Relativ simpel ist die Frage der Lohnerhöhung. Mit 2,3 Prozent Angebot der Arbeitgeber und 3,4 Prozent Forderung der Gewerkschaften sind die beiden Seiten nicht so weit voneinander entfernt. Allerdings ist für beide Seiten die „drei vor dem Komma" die entscheidende Schwelle, die sie keinesfalls über- oder unterschreiten wollen.

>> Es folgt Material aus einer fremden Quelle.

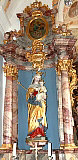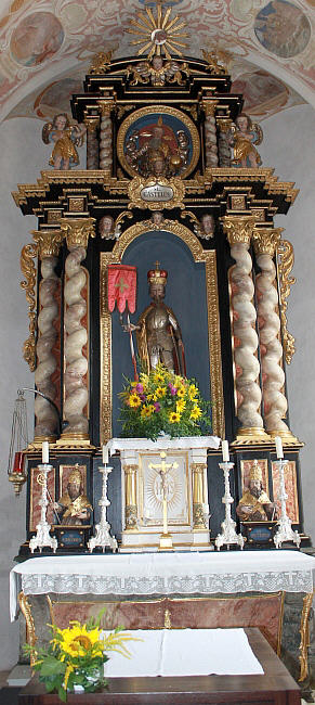 Auf ihm steht in der Mittelnische eine Schnitzfigur des hl. Kastulus
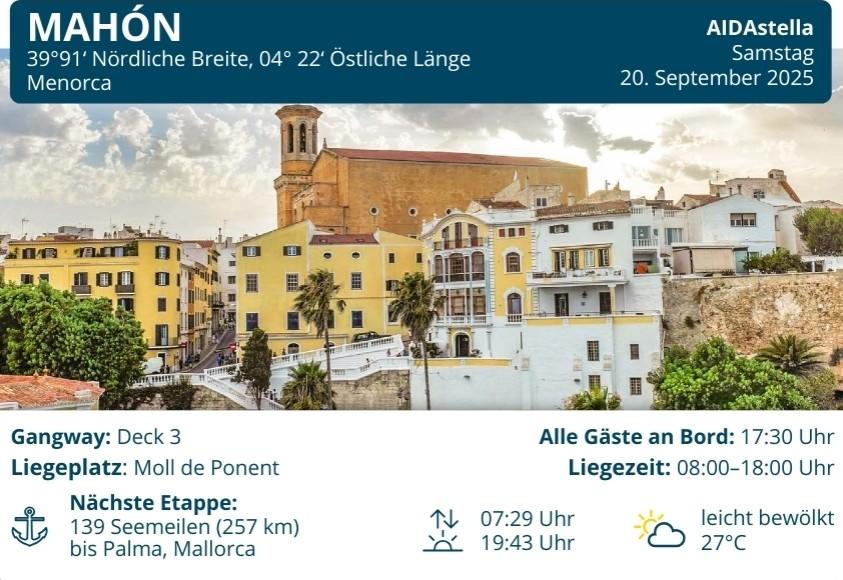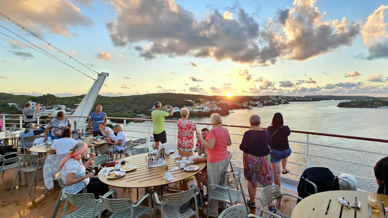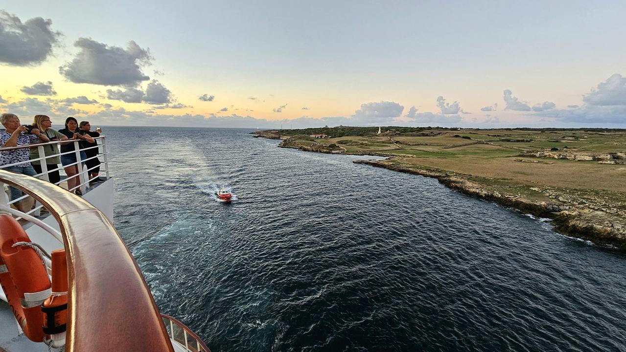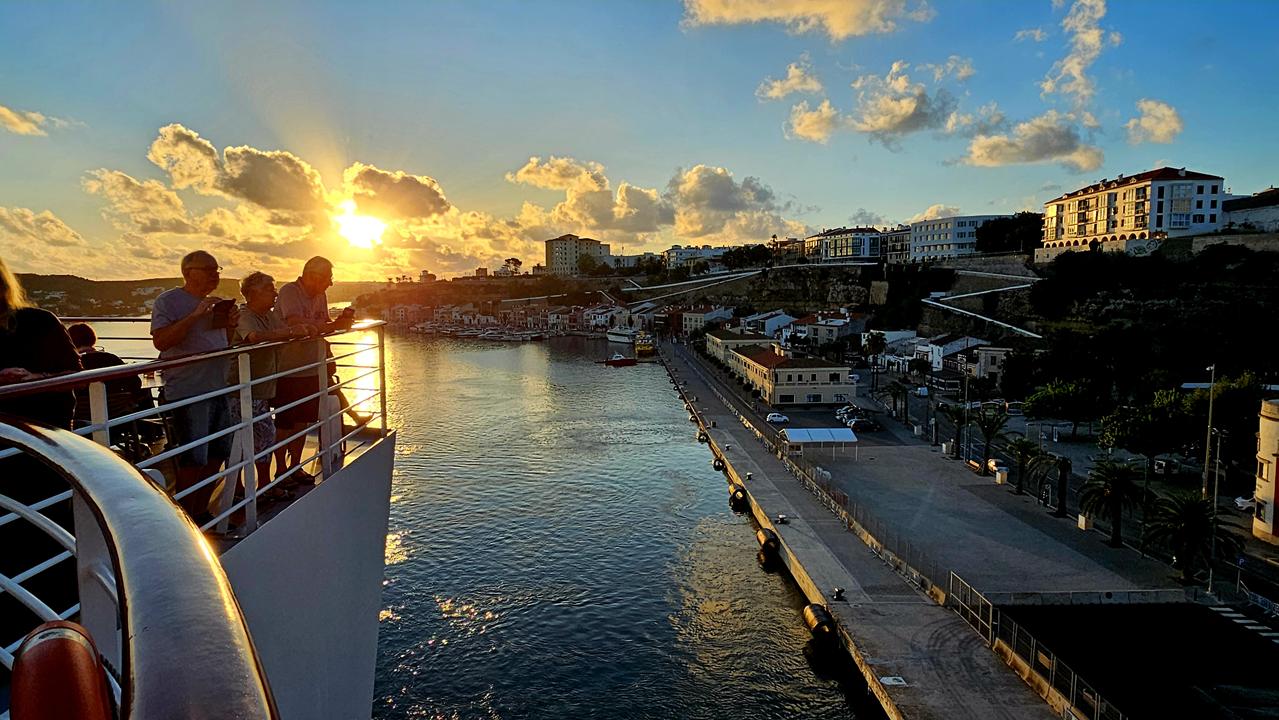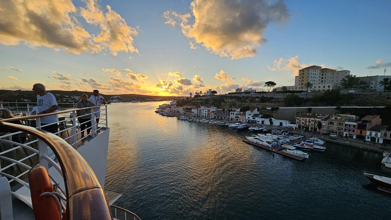 Das Wetter ist herrlich: angenehm warm, eine leichte Brise, die nach Salz und Sommer riecht. An Deck herrscht stille Begeisterung, Kameras klicken, Blicke schweifen. Mit jedem Meter eröffnet sich eine neue Aussicht, schöner als die vorherige. Mahón empfängt uns gelassen und stolz – und schon bei der Einfahrt ist klar: Menorca versteht es uns zu verzaubern.

Volkswirtschaftlich sind drei Prozent oder mehr flächendeckende Erhöhung bei sinkender Inflation und schwacher Auftragslage nicht berechtigt. Aber es gibt ein zweites Verhandlungsthema, das sich mit dem ersten verknüpfen lässt: die Arbeitszeitflexibilisierung.

Unveinbare Positionen

Hier stehen sich eigentlich zwei unvereinbare Positionen gegenüber:

Die Arbeitgeber wollen, dass dass bereits 1997 eingeführte Arbeitszeitkonto erweitert wird, sodass Arbeiter manchmal mehr und manchmal weniger arbeiten – und dadurch Überstundenzuschläge entfallen. Das soll anders als heute über mehrere Jahre gelten.

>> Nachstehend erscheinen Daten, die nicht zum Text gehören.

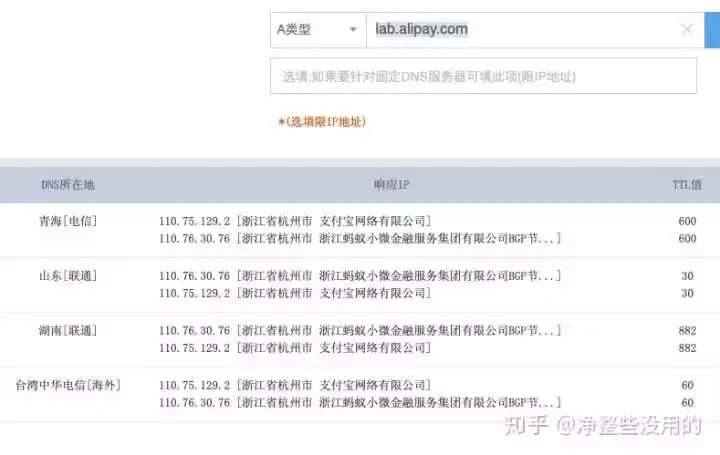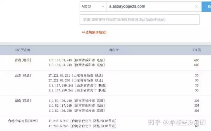 我们可以从侧面大致看一下「http://alipay.com」这个域名的 DNS 指向多少 ip: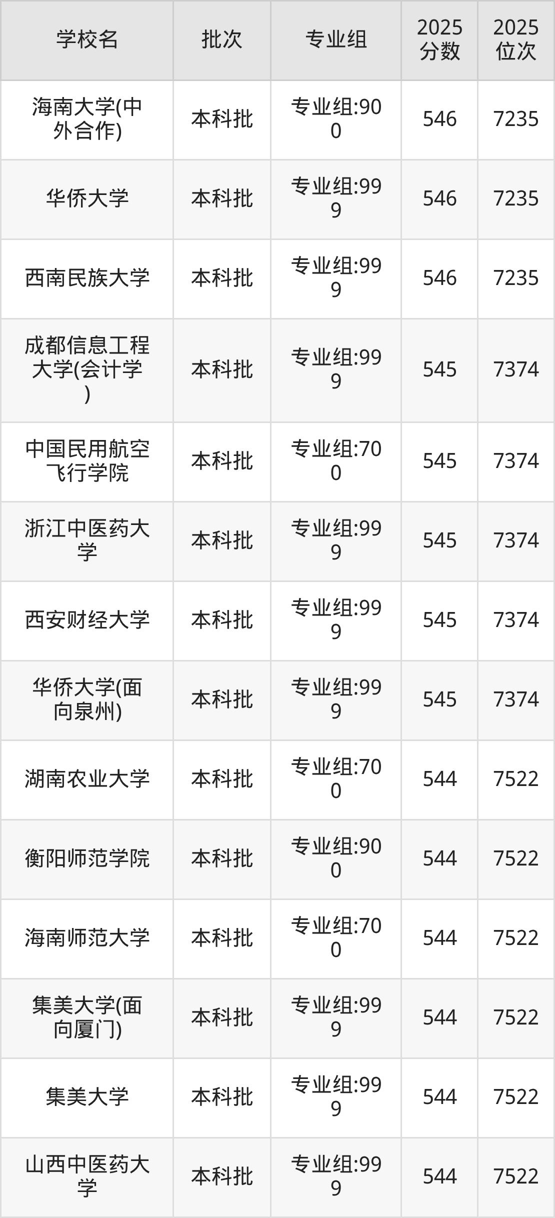 另外录取位次低于该区间(较稳妥)的有海南大学(中外合作)专业组:900(7235名)、西南民族大学专业组:999(7235名)等;录取位次高于该区间(可冲)的有江苏科技大学专业组:999(6992名)、南宁师范大学专业组:700(6992名)等。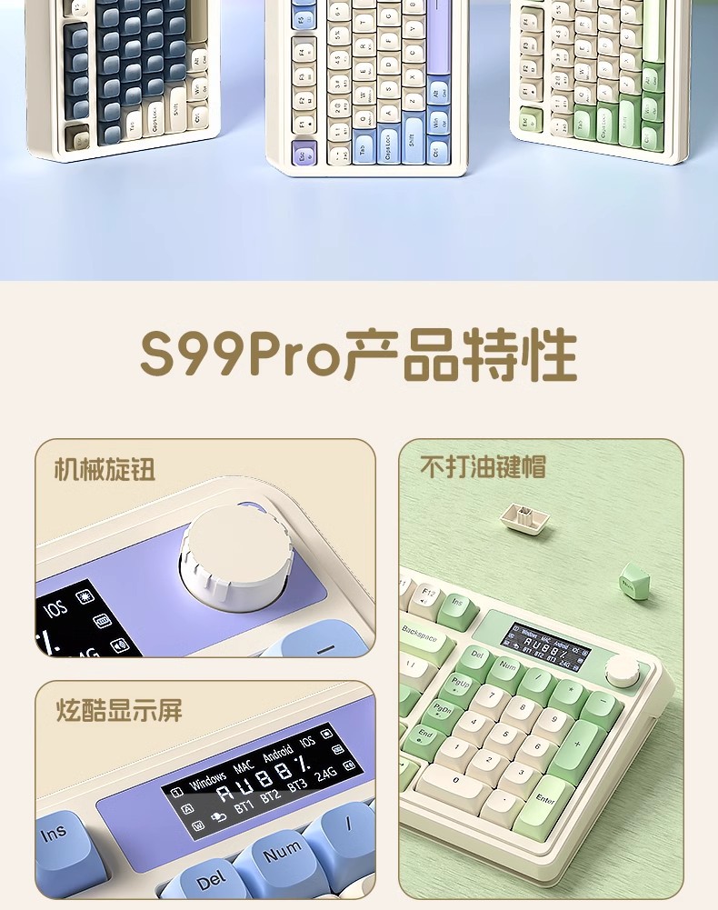 Tarantula S99pro 3 모드 기계식 터치 키보드 휴대용 충전 컬러 매칭 소년과 소녀 사무실 게임 디스플레이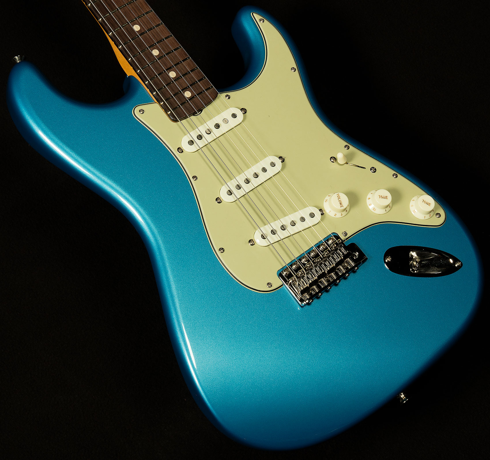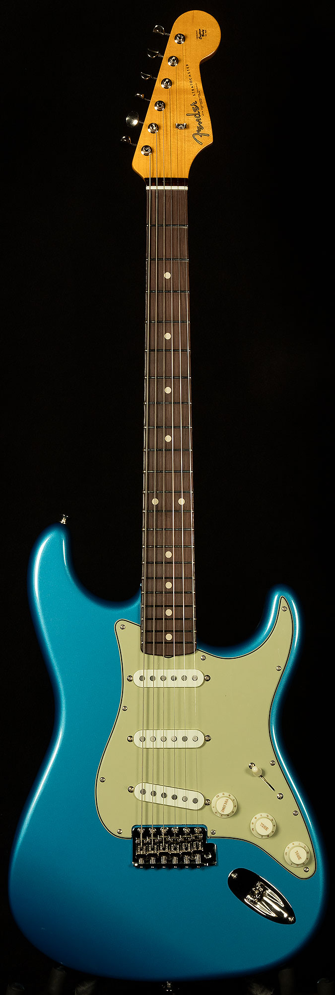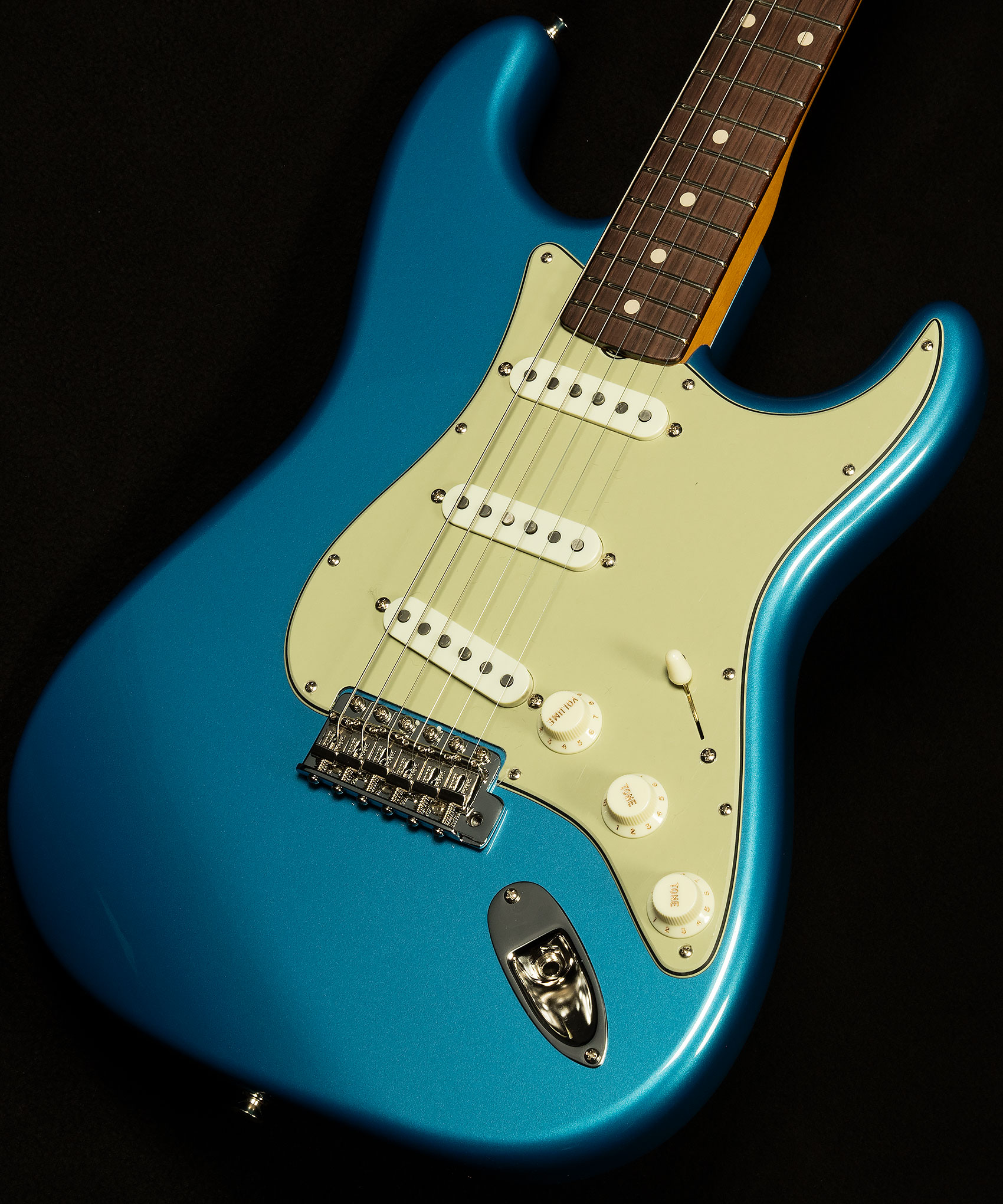 We believe that the Wildwood 10 Strat pickups our friends at Fender wind for us are some of the finest single-coils in the world. Here's a quick rundown of what makes them tick. They're slightly underwound, which gives them exceptional dynamic response and touch sensitivity. You can really alter your sound based on how hard you're hitting, which makes for a wonderfully expressive playing experience. However, they are wound with thicker wire like Fender did in the sixties, which gives them a little more power and guts despite being underwound. As a result, their voice is similar to vintage Strat pickups we love with lots of bell-like chime and vocal response, but with a little extra warmth and muscle.

Die Gewerkschaft sagt, sie ist bereit nur dann über Arbeitszeitflexibilisierung zu reden, wenn es dadurch zu keinerlei Einbußen beim Einkommen kommt.

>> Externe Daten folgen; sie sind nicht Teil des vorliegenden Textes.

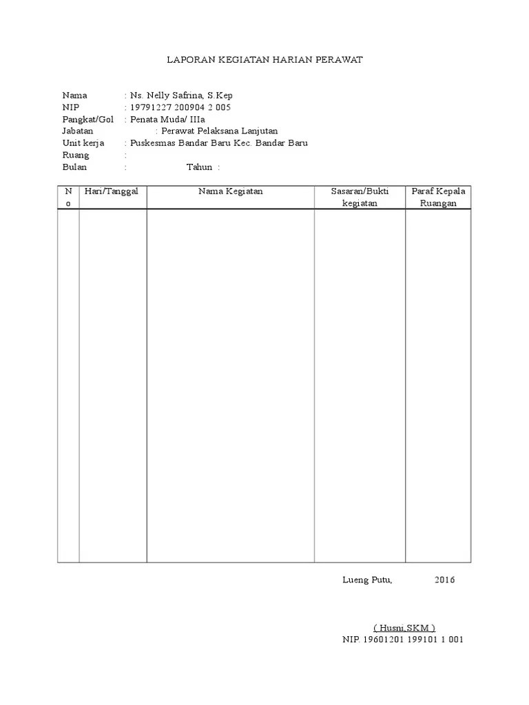 Melakukan pengkajian keperawatan dasar pada individu;, melakukan pengumpulan data pada klien dengan tingkat ketergantungan minimal tanpa risiko, melalui . Format log book harian perawat. Uraian tugas perawat terampil, meliputi:. 3 nomor butir lihat file . Panduan dan log book program profesi ners keperawatan gawat darurat. Kartu pencatatan asuhan keperawatan gigi dan mulut . Sebagai contoh pada perawat terampil pada butir pengkajian individu . 1 makalah kasus log book gigi dan mulut disusun oleh : Log book perawat terampil hari tanggal no rencana kegiatani 1 melakukan pengkajian keperawatan dasar pada individu. Sebagai contoh, berikut beberapa tugas perawat secara umum di rumah sakit dan di puskesmas. Berikut uraian tugas jabatan fungsional perawat sesuai jenjang jabatan sebagaimana diuraikan dalam pasal. Melaksanakan analisis kompleks untuk merumuskan diagnosa keperawatan pada individu. Perawat terdiri dari jenjang jabatan terampil dan jenjang jabatan.

Beides geht nicht. Wenn die gleiche Zahl an Überstunden durch mehr Freizeit abgegolten wird, dann muss am Ende weniger Geld herausschauen.

Gewerkschaft gegen Zwangsurlaube

Was die Gewerkschaft aber zu Recht ablehnt, ist eine Regelung, in der Arbeiter dann zuhause bleiben, also in eine Art Zwangsurlaub gehen, wenn es dem Unternehmen gerade passt, weil es weniger Aufträge gibt.

Aber zwischen den Positionen ist Raum für Kompromisse. Im Rahmen eines Arbeitszeitkontos könnten etwa die Überstundenzuschläge reduziert, aber nicht völlig abgeschafft werden. Um wie viel, das ist Verhandlungssache.

Aus betriebswirtschaftlicher Sicht wären möglichst niedrige Zuschläge von Vorteil. Denn das erleichtert es dem Unternehmen, in einer Hochkonjunktur zusätzliche Aufträge anzunehmen. Wenn dadurch der Umsatz und der Gewinn steigen, bleibt auch mehr für die Arbeitnehmer. Das ist die Win-Win-Situation, die Verfechter der Arbeitszeitflexibilisierung versprechen.

Aber tritt das nicht ein und bleibt am Ende nur weniger Geld im Börsel, dann ist das schlecht für die Arbeiter – besonders für jene, die Familie, Kredite und andere finanzielle Belastungen haben – und schadet auch der Kaufkraft.

Eine drei vor dem Komma

Das ließe sich wiederum durch einen etwas höheren Tarifabschluss ausgleichen – etwa einen, der ein drei vor dem Komma hat. Eine solche Kombination würde zwar schwächere Betriebe mehr belasten, die kaum Überstunden machen, den Stärkeren aber entgegenkommen – eine Verteilung, die am Ende volkswirtschaftlich gar nicht schlecht wäre. Denn nur die starken Betriebe werden in Zukunft neue Arbeitsplätze schaffen.

Insgesamt wäre es wichtig, dass es nach Jahren des vergeblichen Verhandelns heuer endlich den Einstieg in eine tiefgreifende Flexibilisierung gibt. Dieser kann vorerst noch verhalten ausfallen, als eine Art Testlauf.

In den folgenden Jahren müssten dann unabhängige Experten die Auswirkungen sowohl auf die Gewinne der Betriebe und die Einkommen der Arbeiter messen. Dann wüssten wir, was die Flexibilisierung wirklich bringt, und diese Erkenntnisse können in zukünftige Tarifverhandlungen mit einfließen.

Aber noch ein Jahr, in dem das Thema Arbeitszeit nur in Form ideologischer Schablonen diskutiert wird, sollten sich beide Seiten ersparen.